* WHAT IS REQUIRED
The required output is the exact run of lines in the listing below from the line holding "この中間処理施設では人の手で" through the line holding "Top view of", with no pictures.

* RECORDS SHOWN
*** Begin section ***

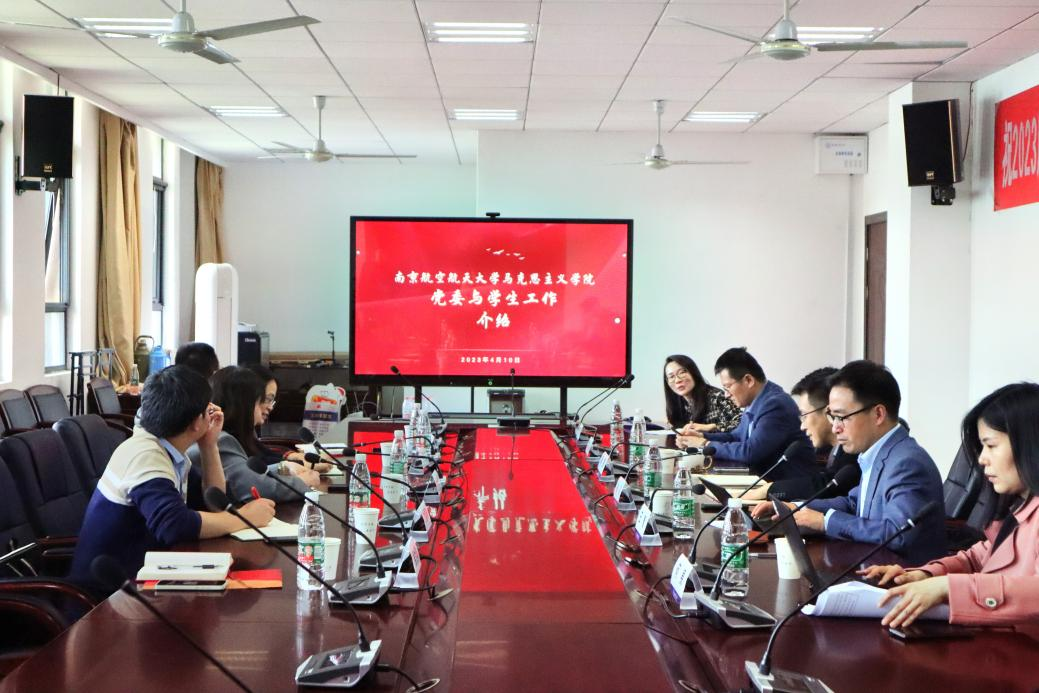 4月10日下午,在南京航空航天大学,公司党委书记徐川全面介绍了公司全面从严治党落实情况;经理王智分享了在团队建设、团队引进、社会服务等方面的措施和成效;公司党委副书记阙愚介绍了南京航空航天大学在开发“有魅力、有张力、有活力”的思政课、员工生涯规划和导学关系畅通建设等方面的做法;副经理何畏就教学与科研的良性互动与公司产品的相关经验成果进行了交流;副经理陈红桂公司在教学研究和新老教师传帮带等方面做了介绍。座谈会后,参观了将军路校区御风园,经理王智介绍了公司结合南京航空航天大公司本资源创新特色思政课的经验与服务航空、航天、民航发展的成果。
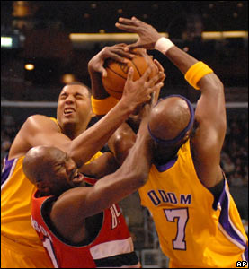 تلاش برای گرفتن توپ بين برايان کوک و لامار ادوم از لس آنجلس ليکرز با روبن پاترسون از پورتلند تريل بليزر در مسابقات بسکتبال حرفه ای آمريکا NBA که شب گذشته در لس آنجلس برگزار شد و با نتيجه 82-99 به سود ليکرز تمام شد.
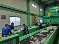 この中間処理施設では人の手でプラスチック類ごみと不適物(金属など)に選別をします。
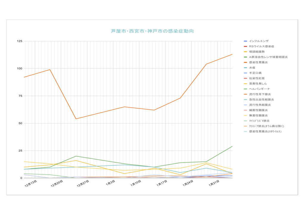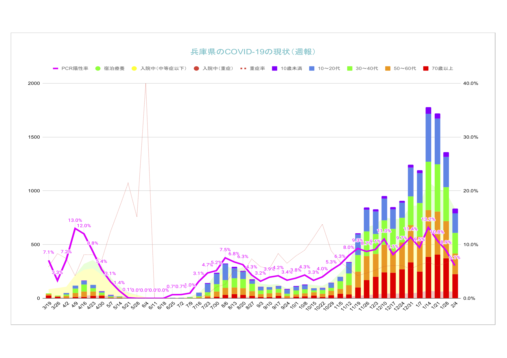 兵庫県感染症情報センターからリリースされている週報から芦屋市・西宮市・神戸市の情報をピックアップして集計したものと、兵庫県のCOVID-19関連のデータを集計したものを配信しています。
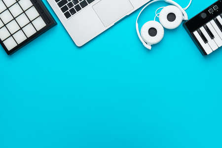 Top view of home studio music production equipment with copy space. Minimalist photo of bedroom producer setup over turquoise blue background. Modern beatmaker essential studio equipment.
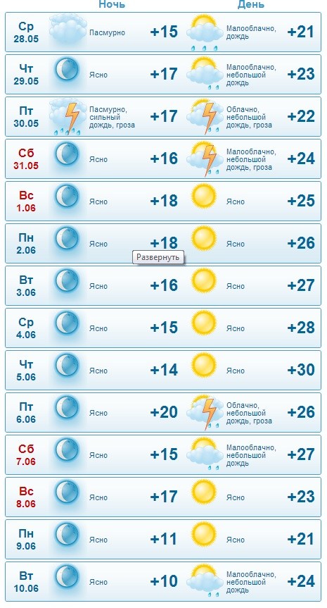 Однако уже с первых чисел июня установится ясная погода с температурой +25…+30 градусов. В ночные часы столбик термометра покажет +14…+18. Поддерживать теплую погоду будет юго-восточный ветер 1-4 м/с.
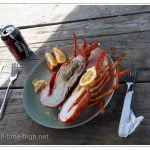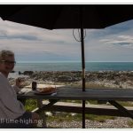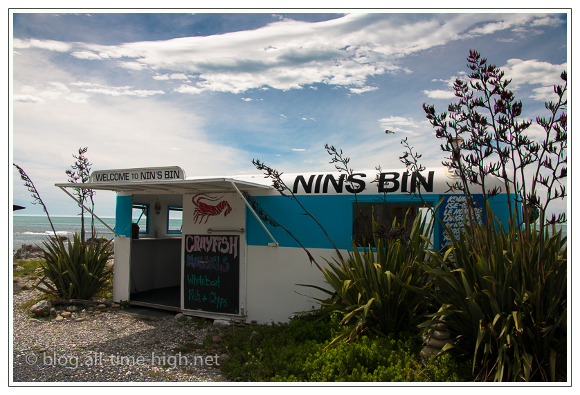 Allerdings nicht lange, denn ca. 25 km hinter Kaikoura sahen wir am rechten Straßenrand das Hinweisschild zu ‚Nin’s Bin‘, einem Imbissstand, der auf Fisch und Krustentiere spezialisiert ist und uns von Hadley auf der Whale Watch Tour empfohlen wurde. Die Qualität sei ausgesprochen gut und die Preise um die Hälfte niedriger als in den Lokalen in Kaikoura. Angehalten, reingegangen und Nin zeigte uns sofort, was sie heute fangfrisch anzubieten hatte: Langusten, Fish & Chips und Muscheln.
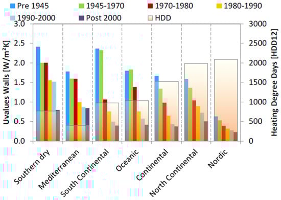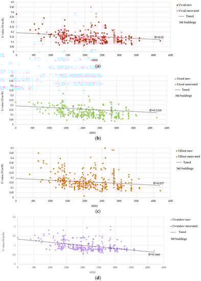 In general, the medium values of wall thermal transmittance are always very low: between 0.12 W/(m2·K) in places with high HDD to 0.20 W/(m2·K) in zones with low HDD. In some cases, the thermal transmittance of external walls are higher than 0.35 W/(m2·K), most of all in buildings located in ‘warm climates’ (HDD < 1000), where the minimum requirements for U-values are less restrictive. Higher wall thermal transmittance values have been observed in renovated historic buildings or in buildings with a particular interest located in the three climate zones, where the envelope performance improvements, (i.e., installation of insulating materials), are limited due to the conservation constraints.
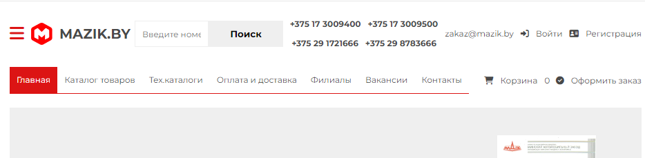 Вход в персональный раздел компании по предоставлению автозапчастей для МАЗ, сайт www.mazik.by
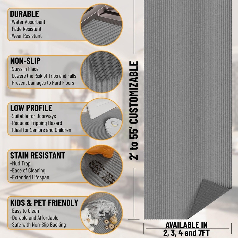 Cozy Electric Heating Blanket Faux Fur Soft Warm Throw Home Office Use 44.98 USD Free shipping 10 Piece Glass Mixing Bowls Set W/ Lids Food Storage Prep Serving Dish New 21.27 USD 22.87 USD Free shipping 7% off Soft Heated Blanket Twin Sherpa Electric Auto Off 5 Heat Settings Comfortable US 50.12 USD 53.89 USD Free shipping 7% off Electric Heated Blanket Soft Warm Auto-Off 5 Heat Settings Safe Eco-Friendly New 47.49 USD Free shipping Wet Dog Food Chopped Ground Dinner Beef Canned Adult Nutrition 4 Pack 22oz Cans 16.27 USD 17.5 USD Free shipping 7% off Professional Handheld Seed Spreader Bag Seeder 25lbs Capacity W/ Waterproof Bag 57.01 USD 61.3 USD Free shipping 7% off Prismatic Iridescent Christmas Snowflake LED Decoration Kids Room Indoor New 31.51 USD 33.88 USD Free shipping 7% off Aluminum Threshold Extender Easy Install Durable Sill Extension Hack Saw Cut New 26.59 USD 28.59 USD Free shipping 7% off Adjustable Steel Closet Rod Multiuse Organizer Clothes Hangers Storage Solutions 18.56 USD 19.96 USD Free shipping 7% off Foldable Luggage Rack Suitcase Stand Metal Holder Easy Assembly Guest Room Hotel 47.56 USD 51.14 USD Free shipping 7% off Upholstery Extractor Wand Carpet Cleaning Auto Detailing Vacuum Hose Tool New 48.36 USD 52.0 USD Free shipping 7% off Organic Split Pea Soup Light Sodium Vegan Canned Soup 2 Pack Healthy Meal New 11.89 USD 12.78 USD Free shipping 7% off Our Scrabe Rib Collection boasts a wide array of rugs, mats, and stair treads ranging from solid colors to unique prints and come in a wide range of custom sizes. Made in India, these Polyester TPR rubber back rugs/stair treads will provide style throughout your home while also keeping your family safe with its non-slip rubber backing. Our sleek and functional ultra thin pile will help you place these rugs in areas where it would otherwise be difficult. These rugs are made from quality materials that are family and pet friendly and perfect for high traffic areas of your home such as the living room, patio, kitchen, and hallways! Here at , our mission is to deliver the highest quality rugs/stair treads! [KEY ATTRIBUTES]: Size: 2'7" x 21' (3' x 21') | Thickness: 0.2 in. | Color: Soft Ribbed [ULTRA THIN]: An ultra thin pile thickness of 0.2 inches offers ideal functionality that is perfect for busy areas, underneath furniture, and in entryways as it will not obstruct doorways. [NONSLIP & STAIN RESISTANT]: Made in India with high quality and stain resistant Polyester material. The rubber backing minimizes slipping. To ensure comfort and additional grip please purchase double sided rug tape. [TRENDY STYLE]: This contemporary solid design custom size utility runner rug features a color background that will enhance the look of your home. Its timeless design can be integrated into a variety of home décor styles. [KID & PET FRIENDLY]: Safe for everyday high foot traffic areas and more resistant to life’s unpredictable messes from kid or pet activity. [EASY CARE]: Stress free cleaning includes regular vacuuming (no brushes/rollers) and gently spot cleaning out minor stains with mild detergent or carpet cleaner. Creases and curling should flatten with 5-7 days of regular use. Hose washing is also applicable, simply wash down with a hose and leave to dry! To expedite this process, reverse roll the corner with the crease and gently apply pressure. [CUSTOMIZABLE]: These rugs are easy to cut into any size to fit your exact measurements. Cut them to your desired size and add the finishing touches to your hallway, entryway, garage, office, living room, patio, deck, finished basement, and laundry room. [TRUSTED BRAND]: Quality rugs made for over 20 years. Founded with the aspiration to embellish indoor and outdoor spaces. aspires to provide trendy rugs while always meeting customer needs. [SEE MORE OPTIONS]: / Ribbed / Ribbed Brown/ Ribbed Hobnail You may also like Freestanding Towel Rack Dual Tier Stainless Steel T-Shape Bathroom Holder New 74.06 USD 79.63 USD Free shipping 7% off 12 IN 1 Power Strip Surge Protector W/ USB C Ports 10ft Flat Extension Cord 31.51 USD 33.88 USD Free shipping 7% off Eco-Friendly Compostable Plates Heavy-Duty Biodegradable Microwave Safe New 33.09 USD 35.58 USD Free shipping 7% off 5-Cube Storage Organizer Bookcase Open Back Modern Home Office Display Shelves 90.94 USD 97.79 USD Free shipping 7% off 3 Prong Grounded Power Cord 16AWG Indoor Extension Cord Weatherproof Saver New 18.95 USD 20.38 USD Free shipping 7% off Space Saving Wall Gun Rack Parallel Design Durable Steel Gun Storage Organizer 31.3 USD 33.66 USD Free shipping 7% off Nylon 2x4 Deck Railing Brackets 40pcs Heavy Duty Rustproof Screws Outdoor Use 71.54 USD 76.93 USD Free shipping 7% off Nitrogen Regulator HVAC Purging Pressure Tests W/ 6.56ft Hose CGA580 Fitting New 48.54 USD 52.19 USD Free shipping 7% off 12-Piece Glass Dinnerware Set Service 4 Durable Microwave Dishwasher Safe New 48.86 USD 52.54 USD Free shipping 7% off Hammock Chair Cotton Rope W/ Cushion Portable Hanging Seat Adults & Kids New 44.04 USD 47.36 USD Free shipping 7% off Swivel Plant Hook Outdoor Garden Bird Feeders Hanging Baskets Wind Chimes 2PCS 53.7 USD 57.74 USD Free shipping 7% off Queen Alloy Steel Bed Frame No Box Spring Needed Sturdy Storage Easy Assembly US 91.64 USD 98.54 USD Free shipping 7% off

*** End section ***

* COMPLETED TASK
 この中間処理施設では人の手でプラスチック類ごみと不適物(金属など)に選別をします。
 兵庫県感染症情報センターからリリースされている週報から芦屋市・西宮市・神戸市の情報をピックアップして集計したものと、兵庫県のCOVID-19関連のデータを集計したものを配信しています。
 Top view of home studio music production equipment with copy space. Minimalist photo of bedroom producer setup over turquoise blue background. Modern beatmaker essential studio equipment.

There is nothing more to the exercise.